- [Problem details]:
Every line below from the one with "Selling a set" through the one with "In diesem Jahr" is to be repeated exactly, with no picture among them.

- [Records for processing]:
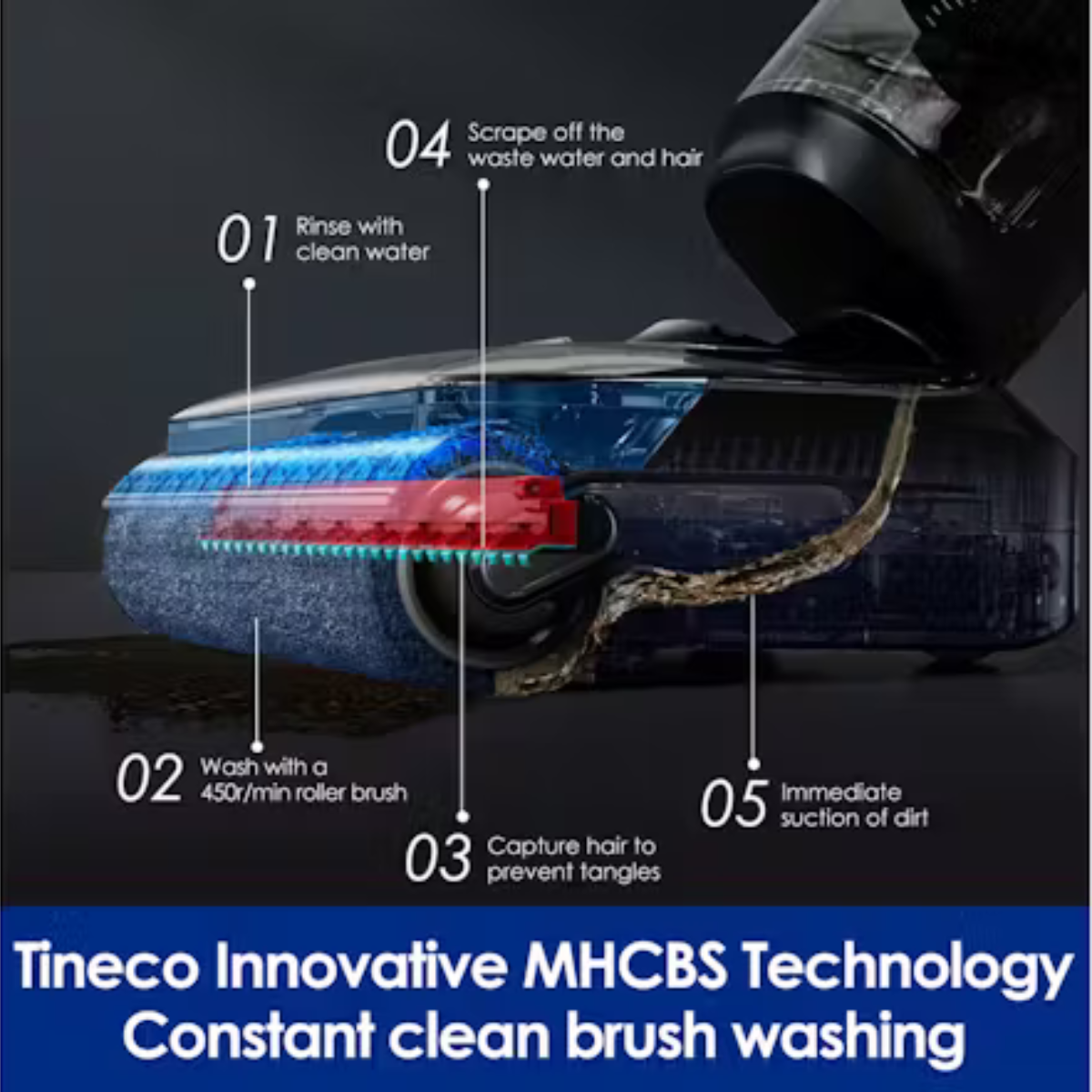 Keep your vacuum fresh after every use with the 85°C Hot Air FlashDry Self-Cleaning System. It quickly dries and refreshes the roller brush, minimising odours and maintaining cleanliness. The full-path cleaning and MHCBS technology ensure your brush stays fluffy and spotless.
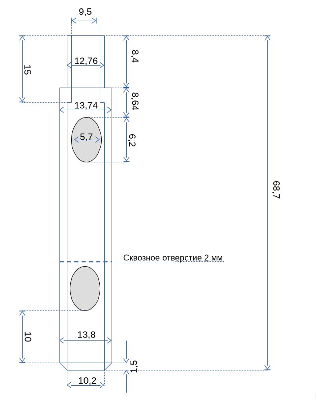 На чертеже не указан сам поршенёк и его пружинка. "Сквозное отверстие 2 мм" - это как раз для запорного штифта пружинки. Косвенные параметры пружинки: "Обещал снять давление на оригинальном клапане Текстом: 340 грамм на начало движения клапана 520 грамм на начало открытия клапана 780 грамм на полностью открытый клапан" (C) Сергей Ярец KLR650E '09
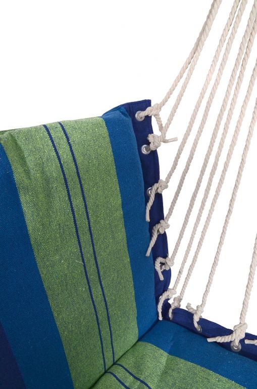 Síť je tvořena měkkým polstrovaným sedákem. Vysokou míru komfortu zajišťuje právě polstrování o tloušťce 3 cm, doplněné hustě tkaným, měkkým a pružným vláknem jednotlivých provazů. Provazy jsou protaženy dřevěnou tyčí zabezpečujíce stabilitu a jednotlivá 5 mm vlákna jsou na konci zapletena do závěsného kroužku.
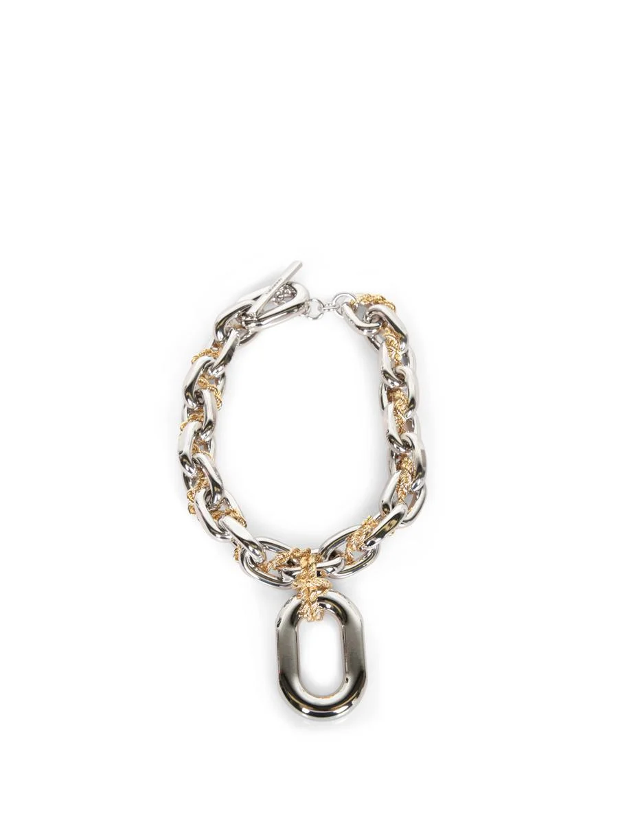 Necklace with wide silver links and gold details. Lobster clasp closure. This exquisite Paco Rabanne necklace features a sophisticated blend of silver links enhanced with intricate gold details, secured with an elegant lobster clasp closure. Gender: Women Color: GREY Made in: Imported Product ID: 25ABB0015 MET783 M089 *Import tax/duty will be calculated at checkout (If applicable)
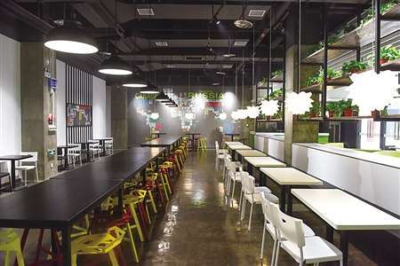 据谭萍介绍,重庆广告产业园的餐厅相较于其他几家门店,做了很多改变。“这里有2000多㎡,从装修设计到经营模式我们都做出了一些创新。”谭萍说,创意公园的员工餐厅融入了绿色环保的理念,营造一种舒适的用餐环境。
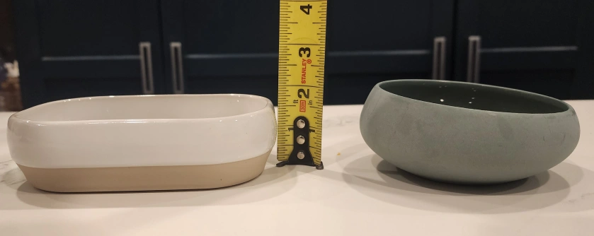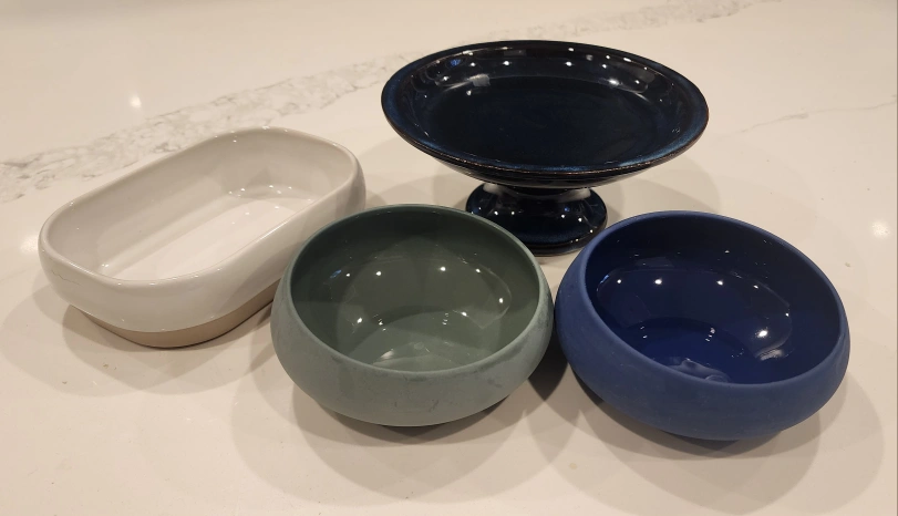 Selling a set of four decorative bowls in various shapes and colours! Includes a 6.5" w x 3" tall cupcake stand, 6" x 4" x 1.75" white rectangle, and two 4.5" wide x 2" high side (1.5" low side) bowls. 3 dishes are Degrenne Gres brand
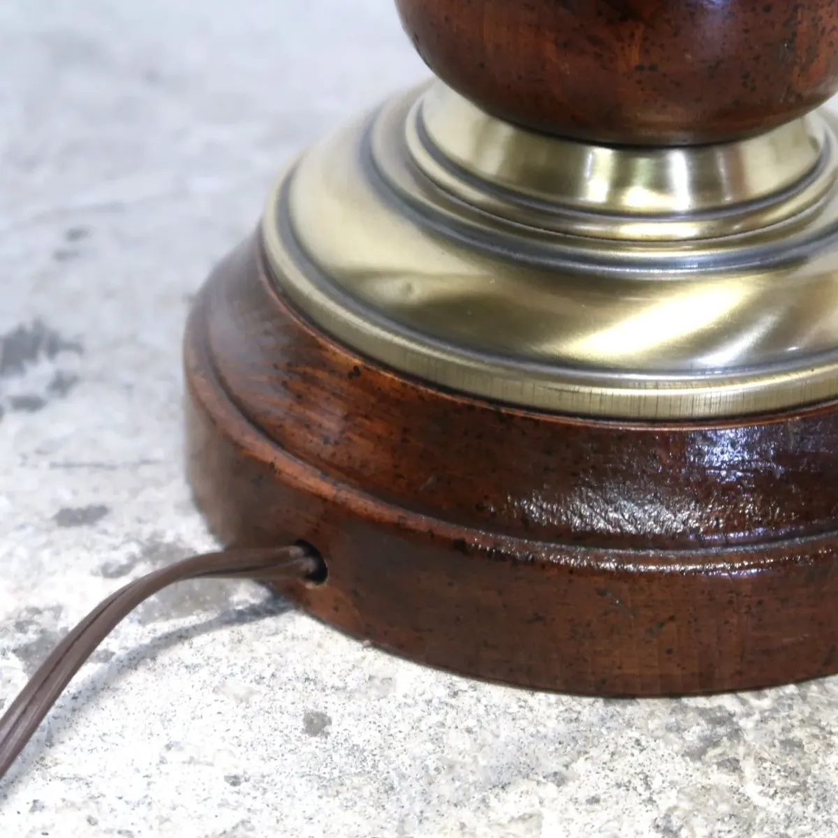 温かみがある自然な木目や鈍く輝くゴールドメタルの組み合わせがとても魅力的です。当時らしい素材感のシェードデザイン、曲線のあるスマートな立ち姿が良い雰囲気。全体のシルエット、ベースとシェードのバランスもGOOD。
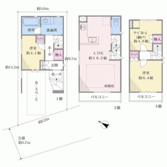 | 土地面積 | 52.76m2(15.9坪) 登記簿 | 建物延面積 | 74.11m2 |
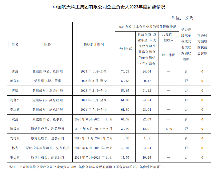 中國航天科工集團有限公司企業(yè)負(fù)責(zé)人2023年度薪酬情況
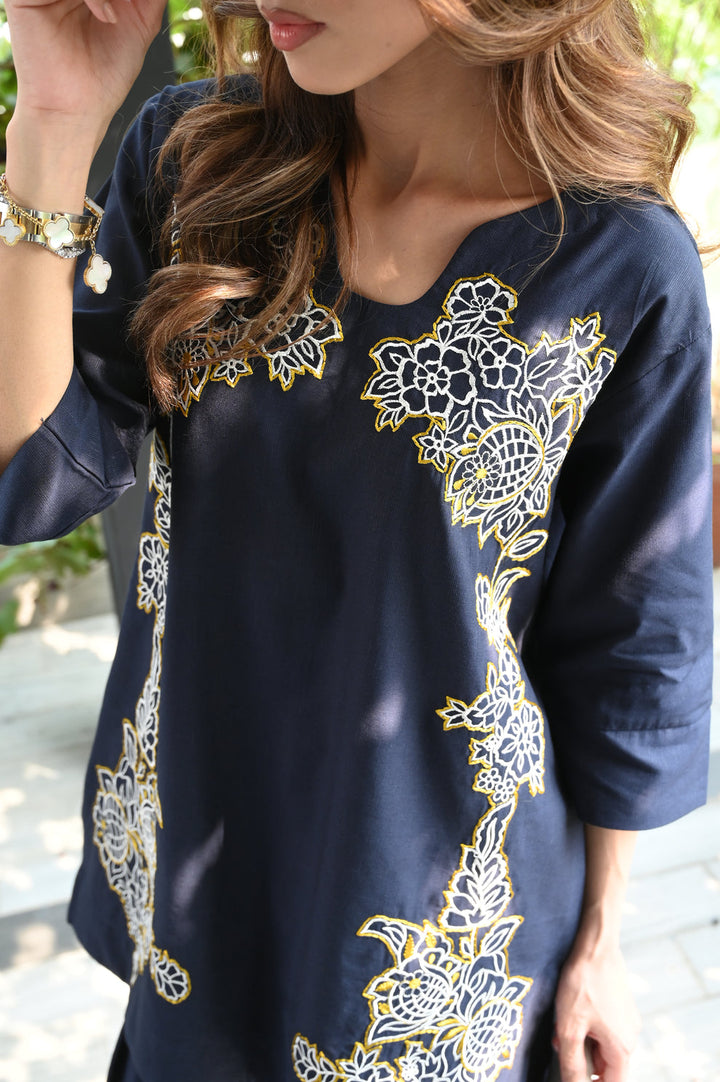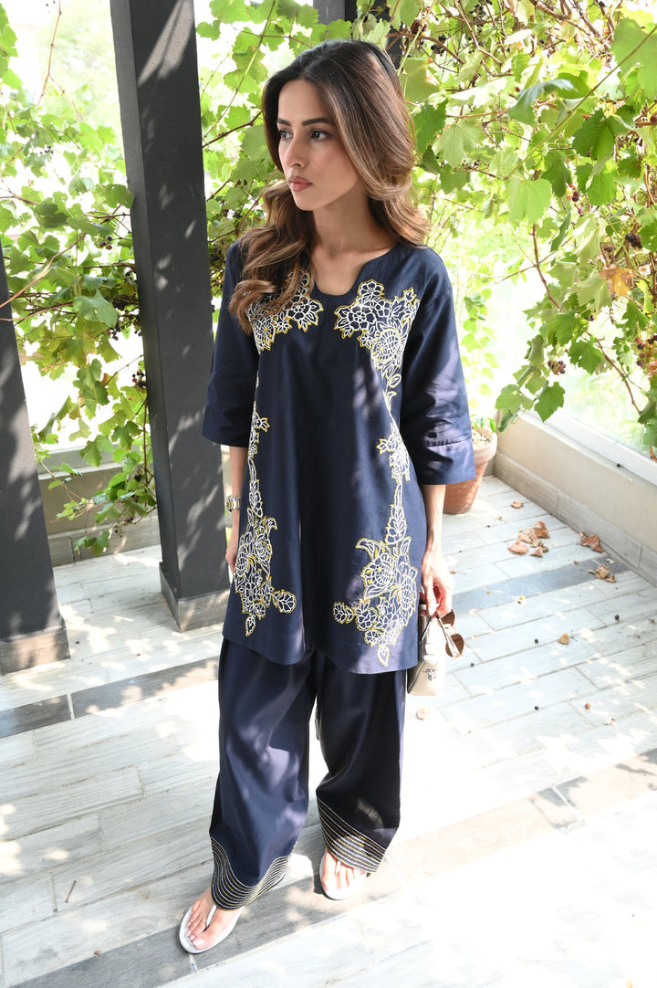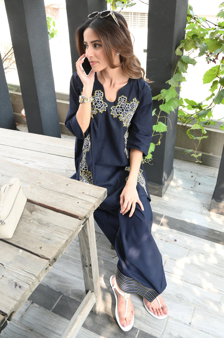 Features a deep navy co-ord set adorned with contrast floral embroidery on the front, paired with Farshi Shalwar finished with striped detailing on the hem.
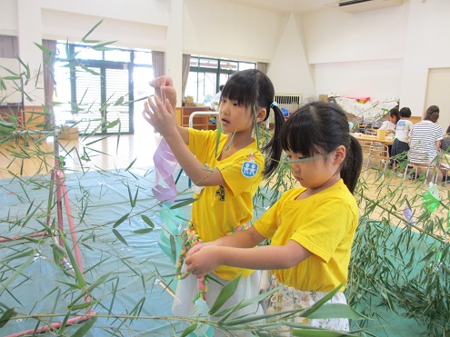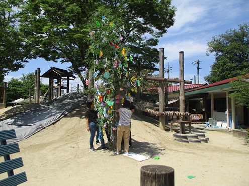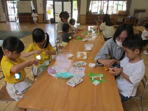お手伝いのおうちの方も参加して下さり、朝から笹飾りを作り、飾り付けをしたり、持ち帰り用の笹を子どもたちと一緒に切りに行きました♪そしてその後は、子どもたちが楽しみにしていたスイカのおやつを頂きました!ここ数年、コロナウイルスの流行により、スイカのおやつを食べていませんでしたが、今年は数年ぶりに食べる事ができました!
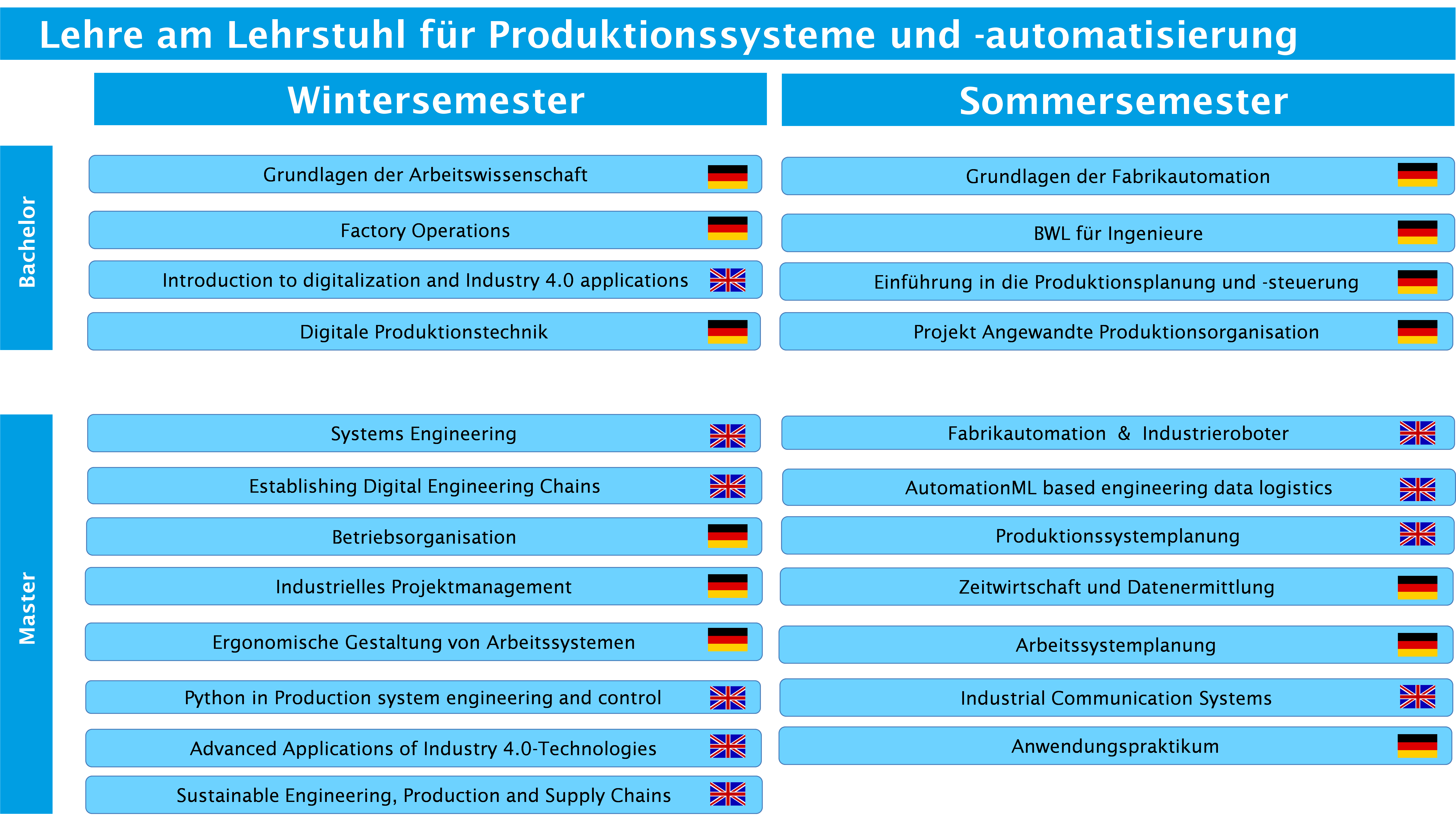 In diesem Jahr haben wir am Lehrstuhl die Überarbeitung unsere Lehrcanons weiter vorangetrieben und konnten nun ein in sich geschlossenes System an Lehrveranstaltungen entwickeln, dass alle relevanten Themenfelder aus Produktionssystemplanung und -betrieb abdeckt, von der klassischen Fabrikplanung bis zur nachhaltigen Gestaltung technischer Systeme und Prozesse reicht und sowohl Grundlagen als auch Expertenwissen vermittelt.
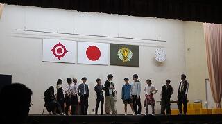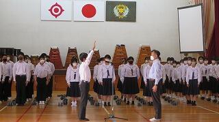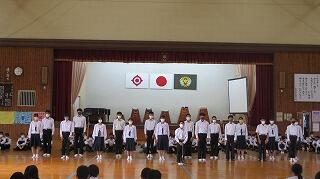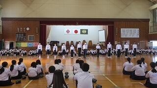 県中学校体育大会に向けての選手壮行式が行われました。今回南那珂地区代表になったのは、野球部・サッカー部・男子ソフトテニス部・陸上部・女子テニス部・女子バスケットボール部・女子バレー部・女子卓球部・男子卓球部・剣道部・柔道部・バドミントン競技・弓道競技・硬式テニス競技・空手競技の各部です。
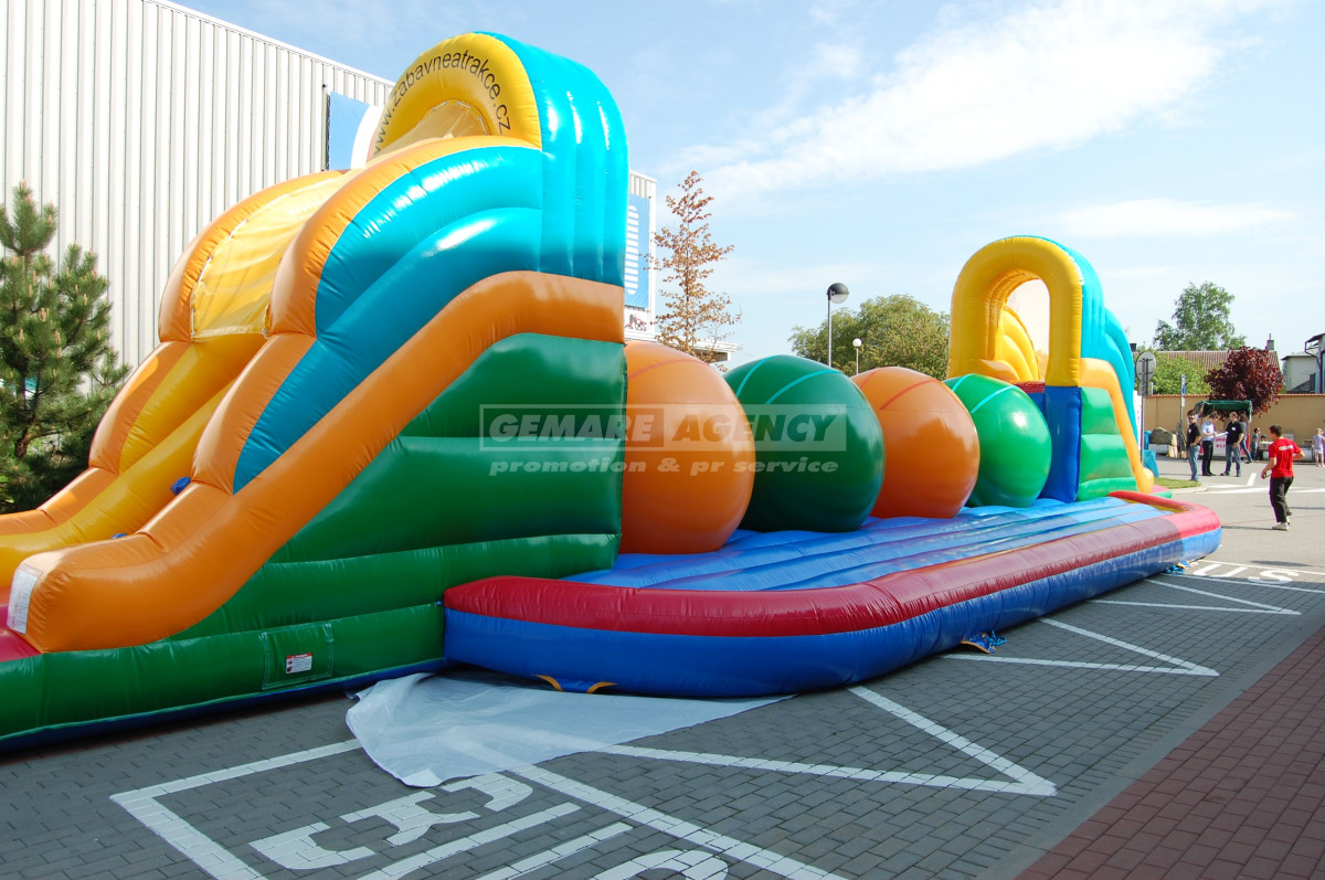 Pronájem legendární Wipe out obří koule (balony) - překážková dráha z populární soutěže „Wipe Out - Drtivá porážka“. Na soutěžící jsme ovšem hodnější a místo pádu do studené vody, nabízíme měkký dopad do nafukovací matrace adrenalinové atrakce Wipe out obří koule. Úkolem soutěžících je přeběhnout nebo přeskákat dráhu složenou z velkých míčů.
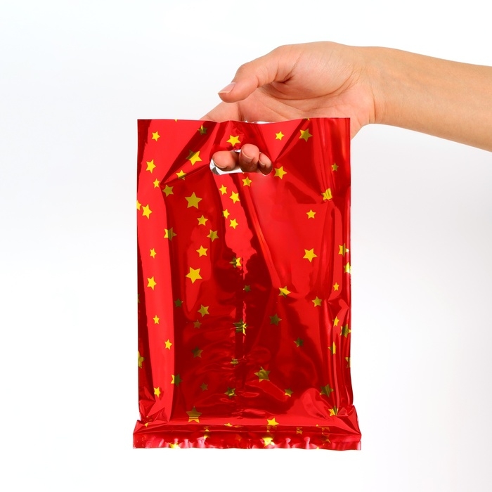 Набор подарочных пакетов, металлизированныей, "Звездочки" красный 17х25 см , 20 микрон 10шт набор
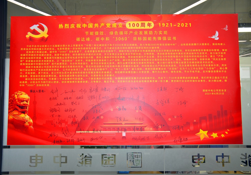 國能中電從活動之初就明確了“提高站位、廣泛參與、精心組織、確保實效”的總體要求,從集團本部到各分子公司,從黨員到群眾都充分認識、深刻領會此次慶祝活動的重要精神,圍繞活動主題精心組織,分步實施,在全公司形成了慶祝中國共產黨成立100周年的濃厚氛圍。活動包含集團公司慶祝中國共產黨成立100周年大會、黨員社會責任倡議書聯名簽署、黨史學習教育專題黨課、優秀先進評選表彰、黨員心聲征集、中共中央“慶祝中國共產黨成立100周年大會”在線觀禮活動等。

- [Answer to this exercise]:
 Selling a set of four decorative bowls in various shapes and colours! Includes a 6.5" w x 3" tall cupcake stand, 6" x 4" x 1.75" white rectangle, and two 4.5" wide x 2" high side (1.5" low side) bowls. 3 dishes are Degrenne Gres brand
 温かみがある自然な木目や鈍く輝くゴールドメタルの組み合わせがとても魅力的です。当時らしい素材感のシェードデザイン、曲線のあるスマートな立ち姿が良い雰囲気。全体のシルエット、ベースとシェードのバランスもGOOD。
 | 土地面積 | 52.76m2(15.9坪) 登記簿 | 建物延面積 | 74.11m2 |
 中國航天科工集團有限公司企業(yè)負(fù)責(zé)人2023年度薪酬情況
 Features a deep navy co-ord set adorned with contrast floral embroidery on the front, paired with Farshi Shalwar finished with striped detailing on the hem.
お手伝いのおうちの方も参加して下さり、朝から笹飾りを作り、飾り付けをしたり、持ち帰り用の笹を子どもたちと一緒に切りに行きました♪そしてその後は、子どもたちが楽しみにしていたスイカのおやつを頂きました!ここ数年、コロナウイルスの流行により、スイカのおやつを食べていませんでしたが、今年は数年ぶりに食べる事ができました!
 In diesem Jahr haben wir am Lehrstuhl die Überarbeitung unsere Lehrcanons weiter vorangetrieben und konnten nun ein in sich geschlossenes System an Lehrveranstaltungen entwickeln, dass alle relevanten Themenfelder aus Produktionssystemplanung und -betrieb abdeckt, von der klassischen Fabrikplanung bis zur nachhaltigen Gestaltung technischer Systeme und Prozesse reicht und sowohl Grundlagen als auch Expertenwissen vermittelt.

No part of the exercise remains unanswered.